Clinical Presentation, Treatment, and Complications of Malignant Hyperthermia in North America from 1987 to 2006

BACKGROUND: We analyzed cases of malignant hyperthermia (MH) reported to the North American MH Registry for clinical characteristics, treatment, and complications. METHODS: Our inclusion criteria were as follows: AMRA (adverse metabolic/musculoskeletal reaction to anesthesia) reports between January 1, 1987 and December 31, 2006; “very likely” or “almost certain” MH as ranked by the clinical grading scale; United States or Canadian location; and more than one anesthetic drug given. An exclusion criterion was pathology other than MH; for complication analysis, patients with unknown status or minor complications attributable to dantrolene were excluded. Wilcoxon rank sum and Pearson exact &khgr;2 tests were applied. A multivariable model of the risk of complications from MH was created through stepwise selection with fit judged by the Hosmer-Lemeshow statistic. RESULTS: Young males (74.8%) dominated in 286 episodes. A total of 6.5% had an MH family history; 77 of 152 patients with MH reported ≥2 prior unremarkable general anesthetics. In 10 cases, skin liquid crystal temperature did not trend. Frequent initial MH signs were hypercarbia, sinus tachycardia, or masseter spasm. In 63.5%, temperature abnormality (median maximum, 39.1°C) was the first to third sign.
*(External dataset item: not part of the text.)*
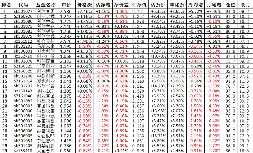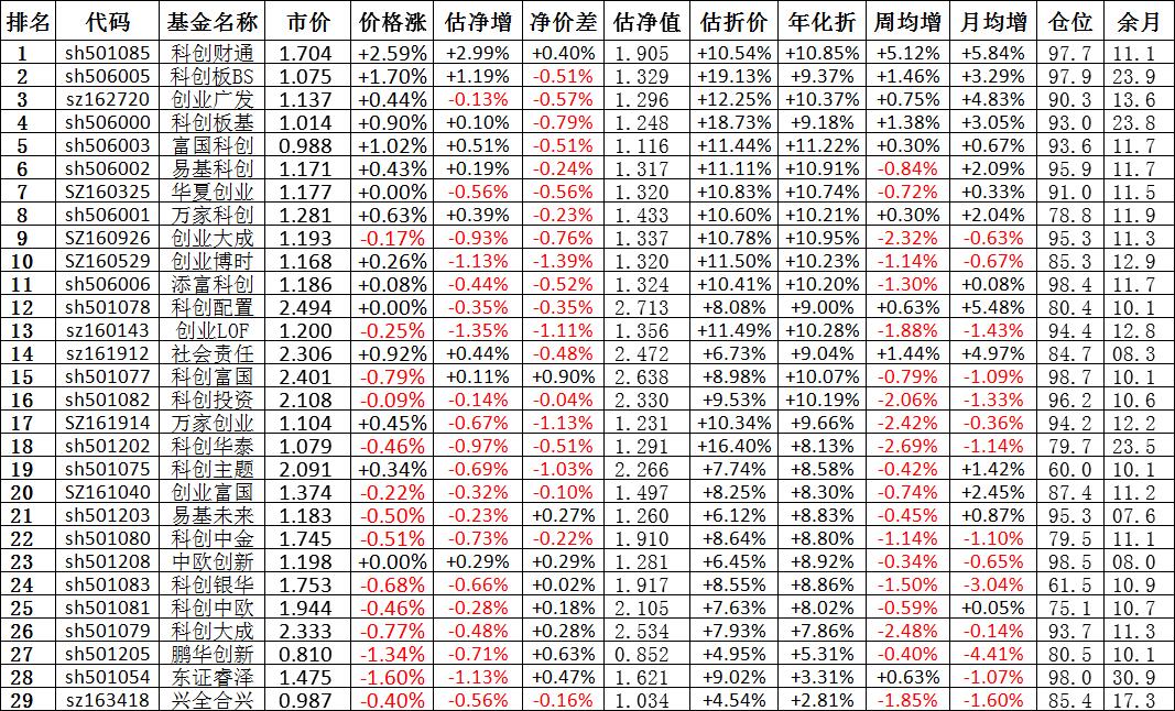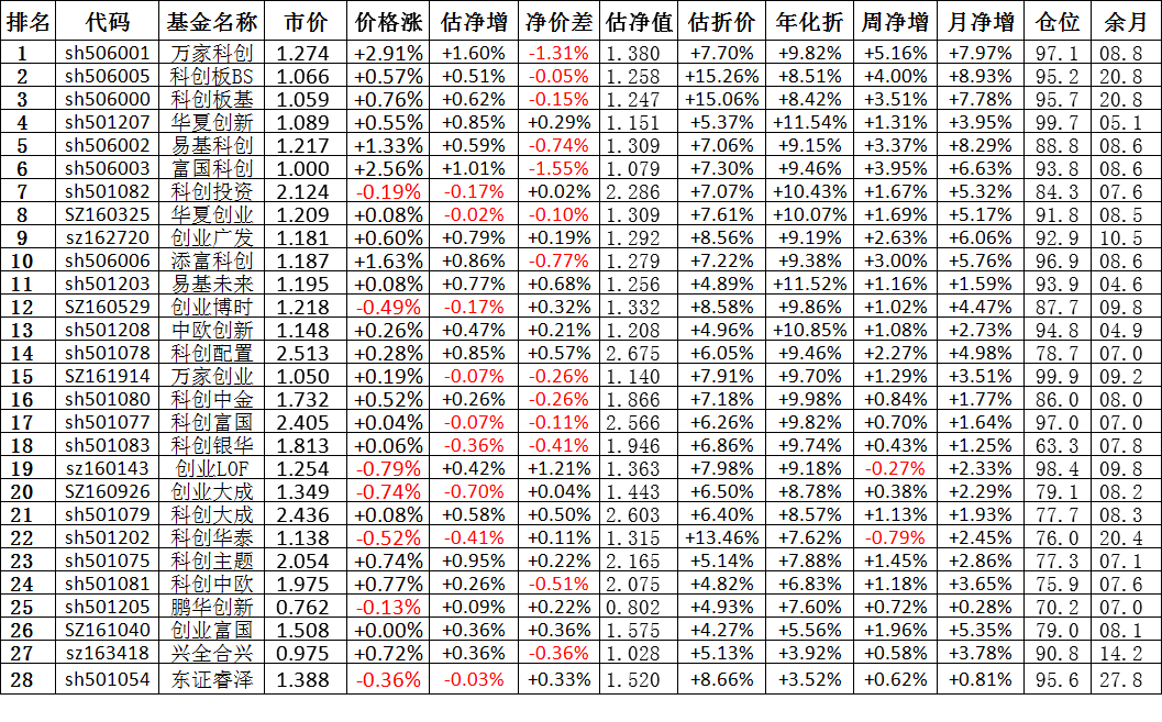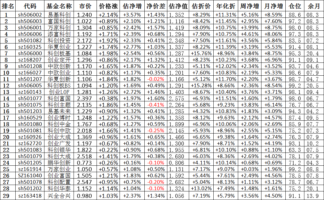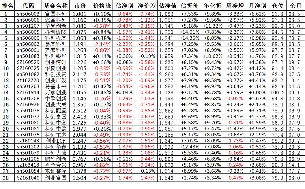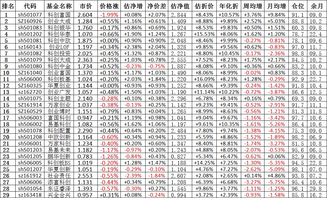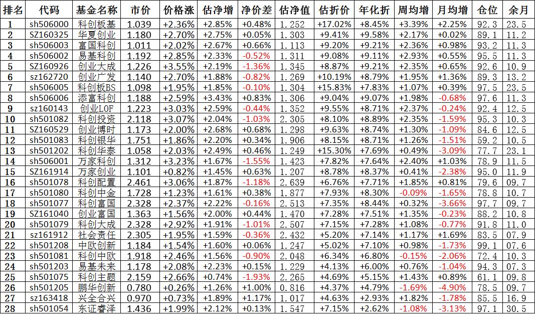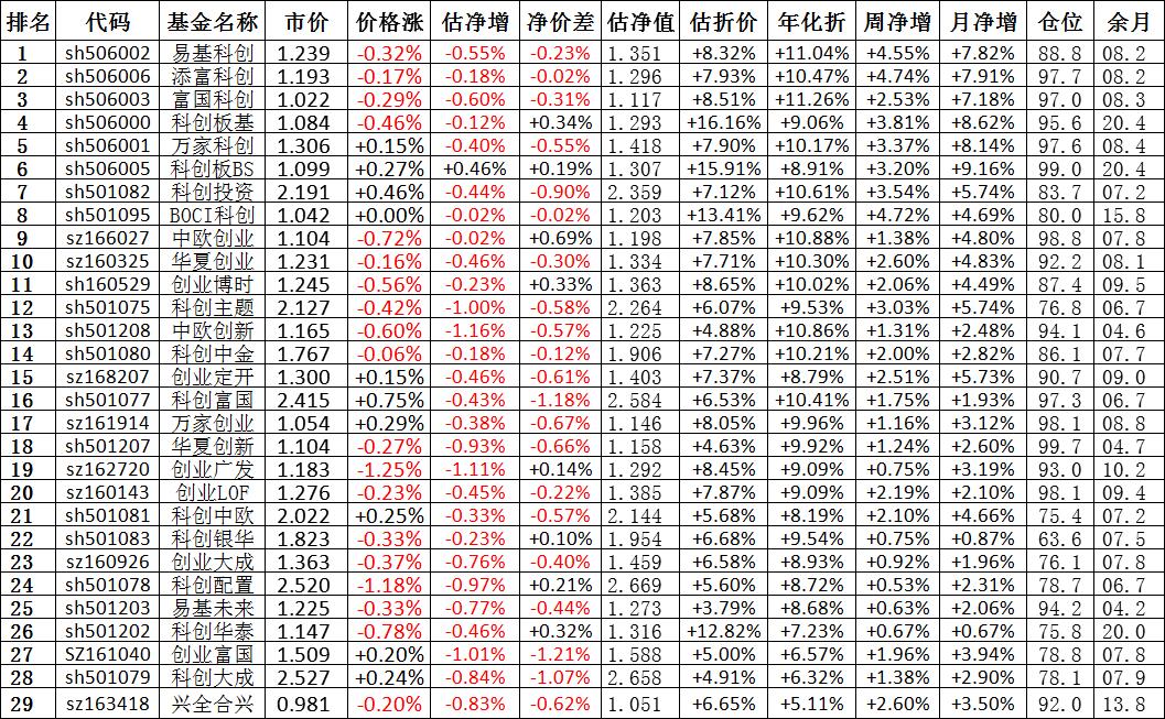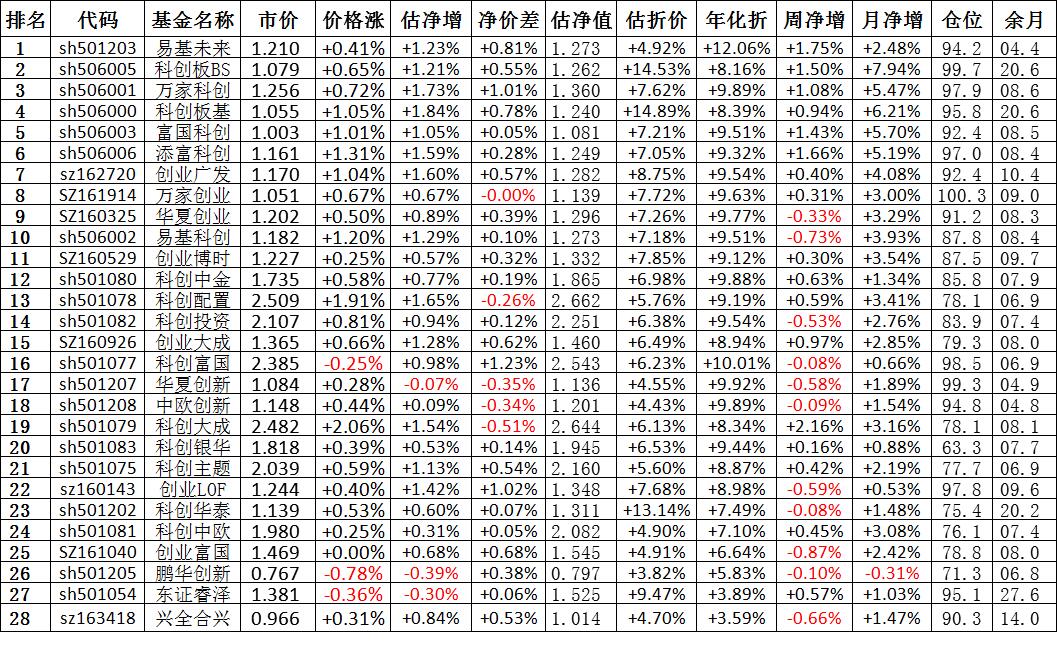 我按照最高折价率(前五)摊大饼搞了100万,目前还亏着呢。最近创业板封基比科创板涨的好。

Whereas 78.6% presented with both muscular abnormalities and respiratory acidosis, only 26.0% had metabolic acidosis. The median total dantrolene dose was 5.9 mg/kg (first quartile, 3.0 mg/kg; third quartile, 10.0 mg/kg), although 22 patients received no dantrolene and survived. A total of 53.9% received bicarbonate therapy. Complications not including recrudescence, cardiac arrest, or death occurred in 63 of 181 patients (34.8%) with MH. Twenty-one experienced hematologic and/or neurologic complications with a temperature <41.6°C (human critical thermal maximum). The likelihood of any complication increased 2.9 times per 2°C increase in maximum temperature and 1.6 times per 30-minute delay in dantrolene use. CONCLUSION: Elevated temperature may be an early MH sign. Although increased temperature occurs frequently, metabolic acidosis occurs one-third as often. Accurate temperature monitoring during general anesthetics and early dantrolene administration may decrease the 35% MH morbidity rate.